Yesterday I was thinking about how our Catholic voices appear in the media, and I can’t help but conclude that they don’t very well. After a television debate in which Katholiek Nieuwsblad editor Mariska Orbán de Haas (pictured) tried to defend the father-mother family construction, my Twitter page (and that of many others judging by her name being a trending topic for well into the net day) was inundated by, at best, critical comments about her performance and, at worst, serious personal attacks against her. And these did not only come from non-Catholic quarters. Most seriously, in my opinion, is the attack of self-styled Catholic media specialist Eric van den Berg, who was seemingly unable to present his possibly legitimate criticism without relishing in calling Mariska Orbán a “pearl-necklaced bitch” – a moniker admittedly coined by herself, but the use of which did set a certain tone.

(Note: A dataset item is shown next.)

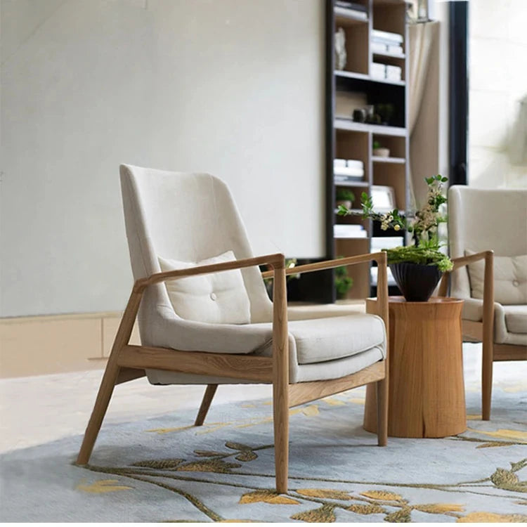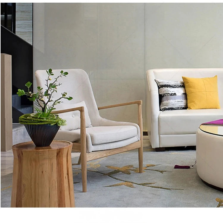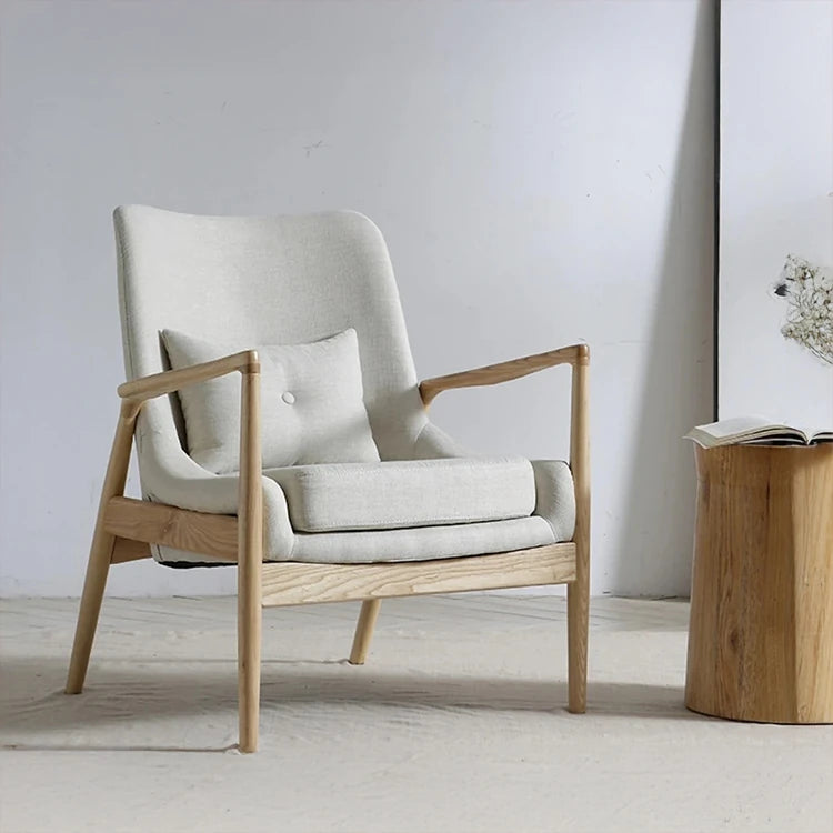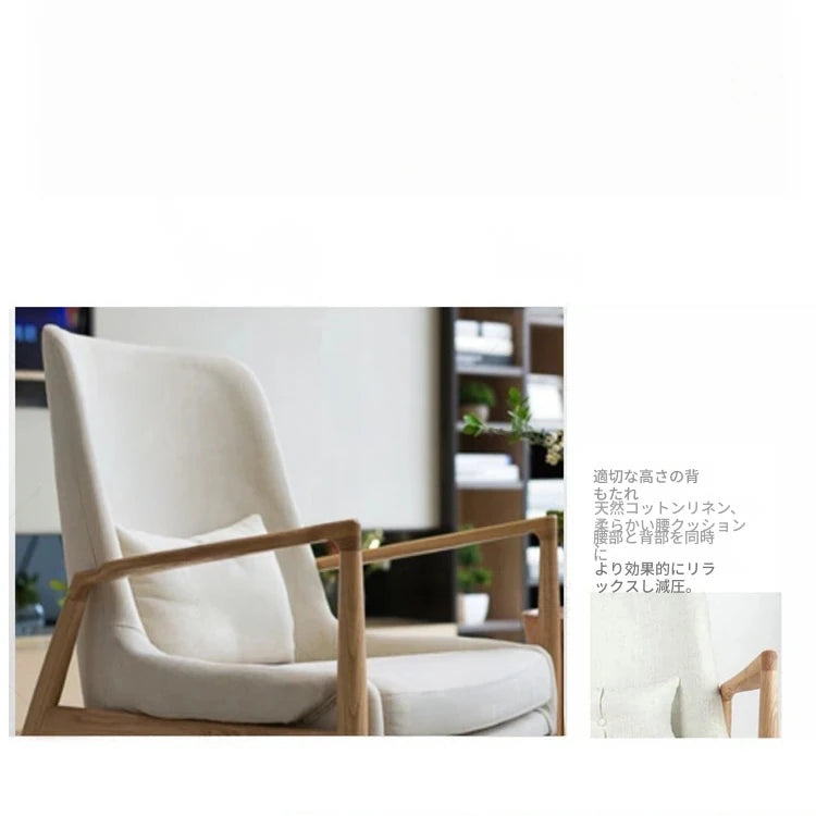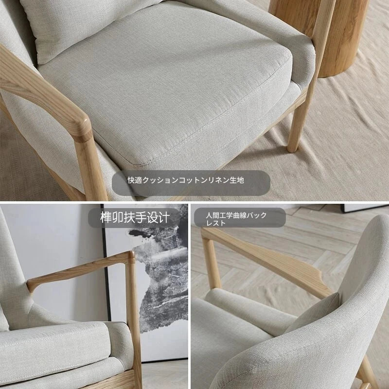 アッシュ材のモダンチェア|綿麻ファブリックの快適リビング用ソファチェア|おしゃれなインテリアに最適 hmr-4775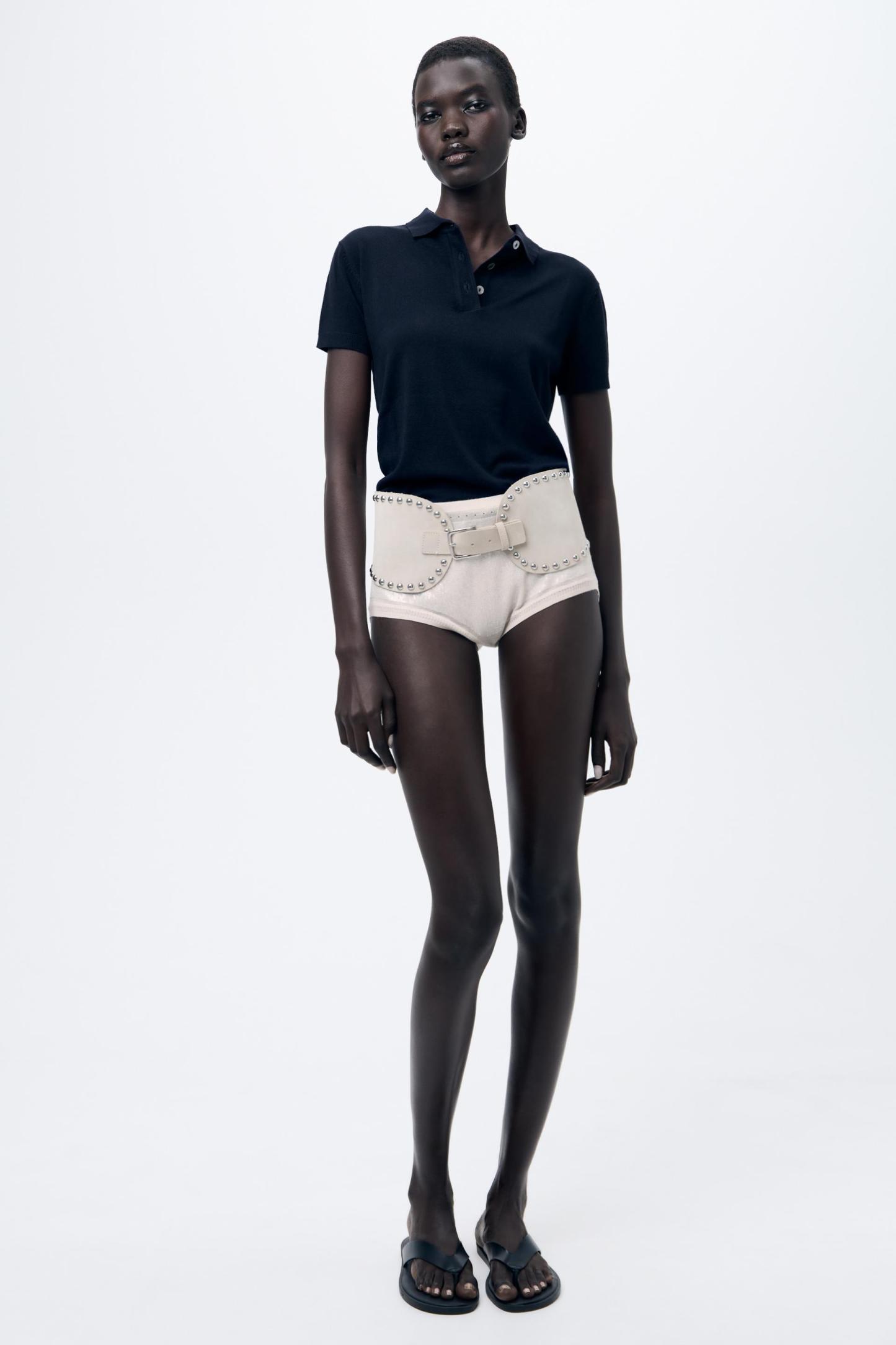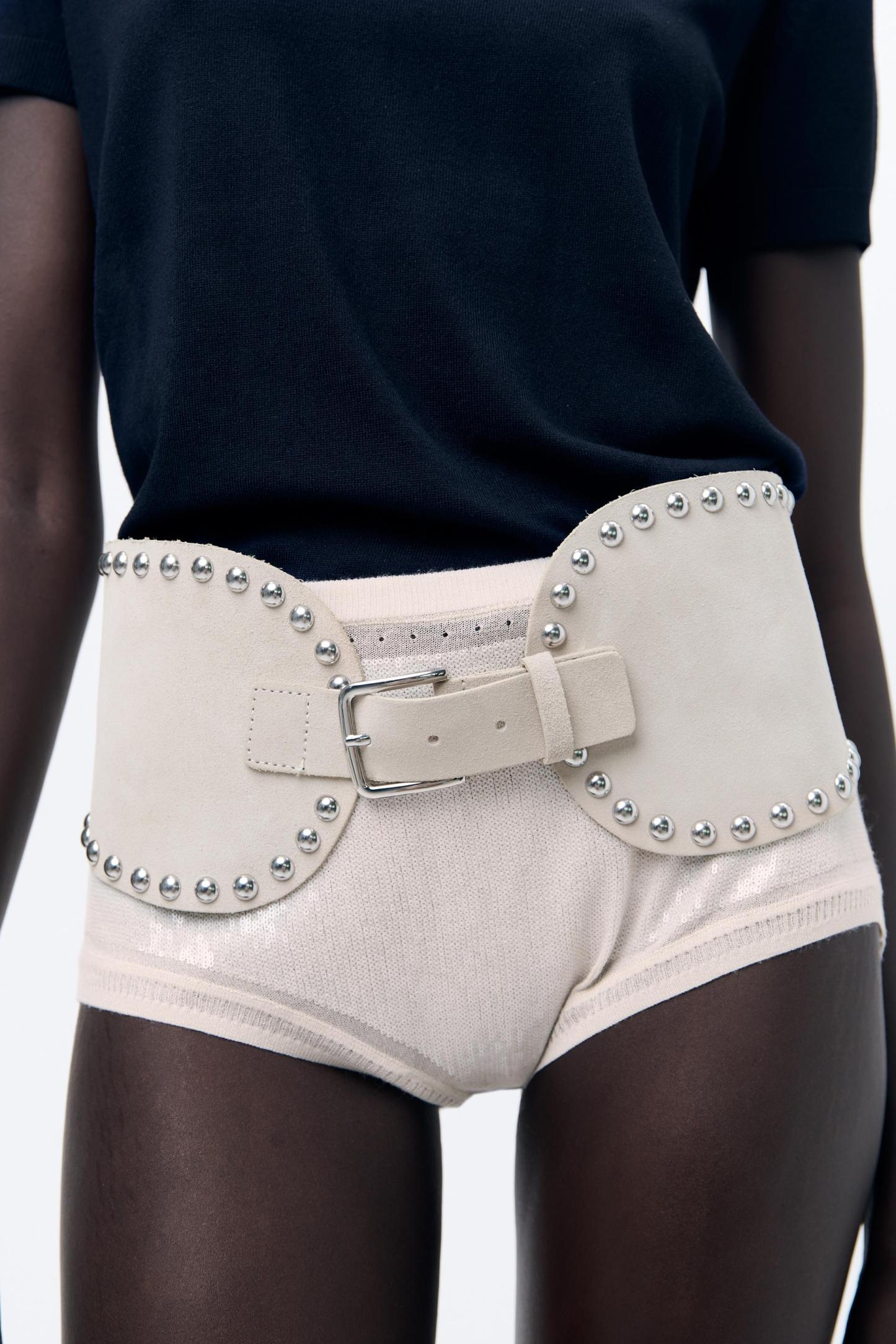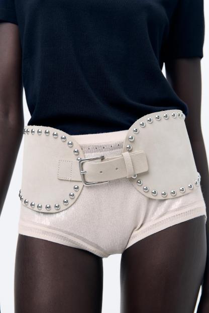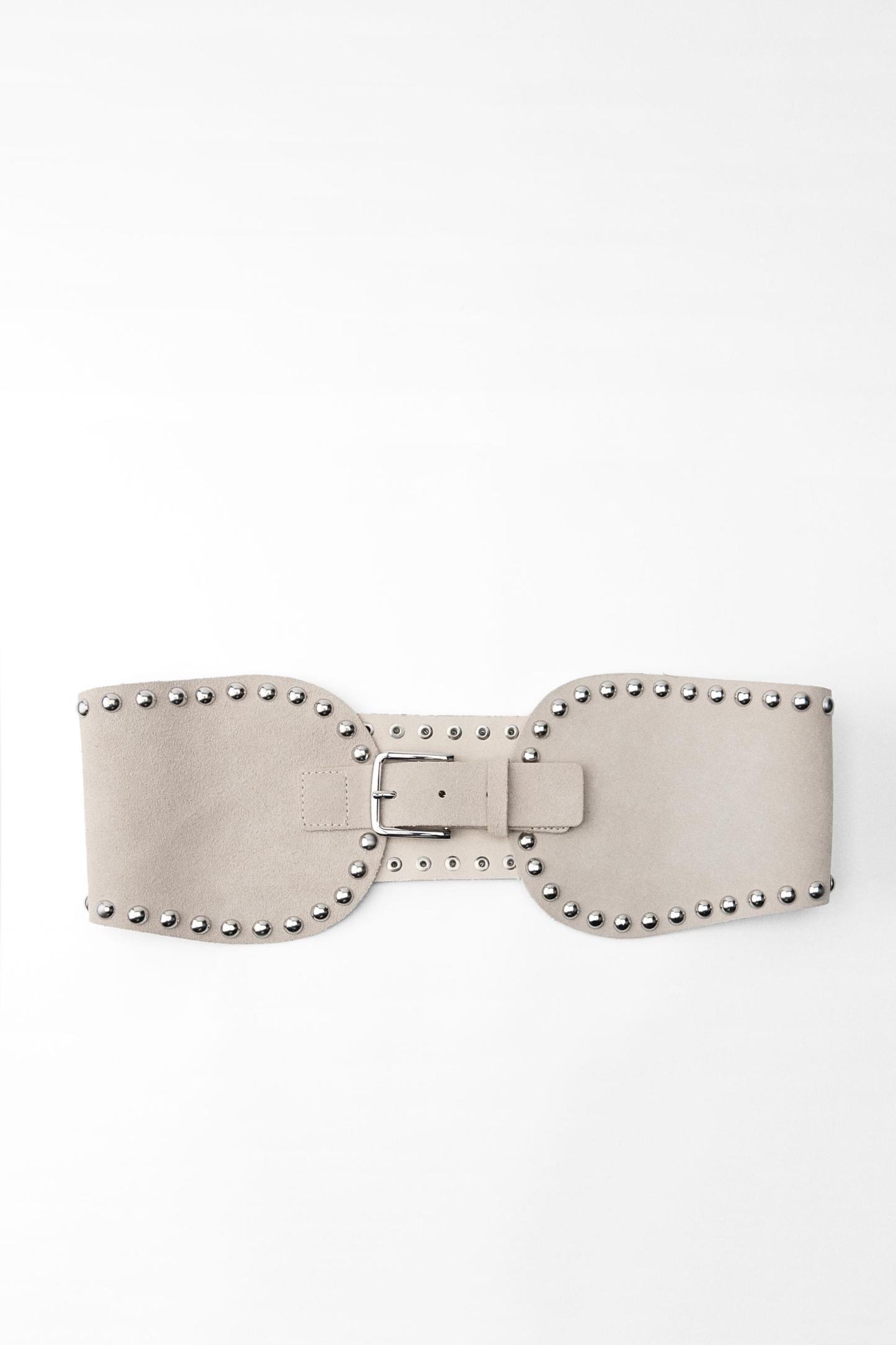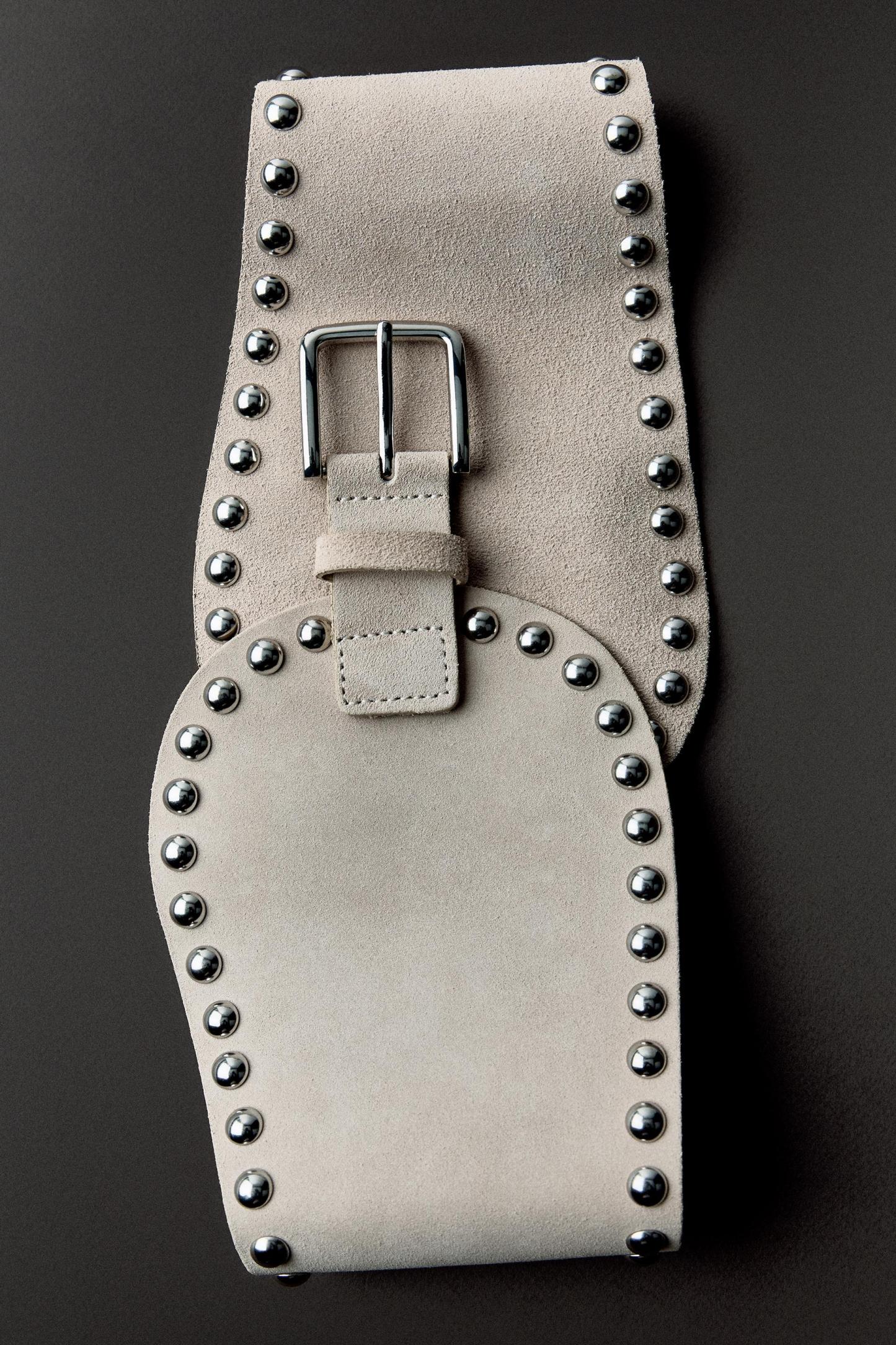 STUDDED LEATHER SASH BELT

I’m not writing this post to defend anyone. Criticism, after all, is not always bad, and can often be a helpful tool in bettering our conduct and performance. And when it comes to presenting our Catholic faith and the values we hold and consider important, we must learn from what critics level against us.
I am using “us” for a reason, because when it comes to situations like the one I outlined above, there is no visible sense of “us” among Catholics active in the media, in whatever form. Rather, we too often relish in the attack, personal or otherwise.
As Catholics we have something to say. But do we succeed in doing so? The Catholic voice in the media, social or otherwise, should be more unified and willing to offer constructive criticism. If someone fails in making the case that should be made, for whatever reason, there should be an effort in charitably correcting the mistakes, coupled with an openness in the other party to accept criticism.
When I consider the Catholics who are active in the media, on television, in newspaper, but also on the Internet, I see much potential in creativity, knowledge, bravery (which is sometimes indeed needed) and enthusiasm. But all that doesn’t always translate very well into the wider world of our secular society. Platforms like a television program which is a daily staple of many viewers, a major newspaper, but also new media that we ourselves can build, manage and develop, deserve a charitable and intelligent Catholic presence – charitable among ourselves and to others.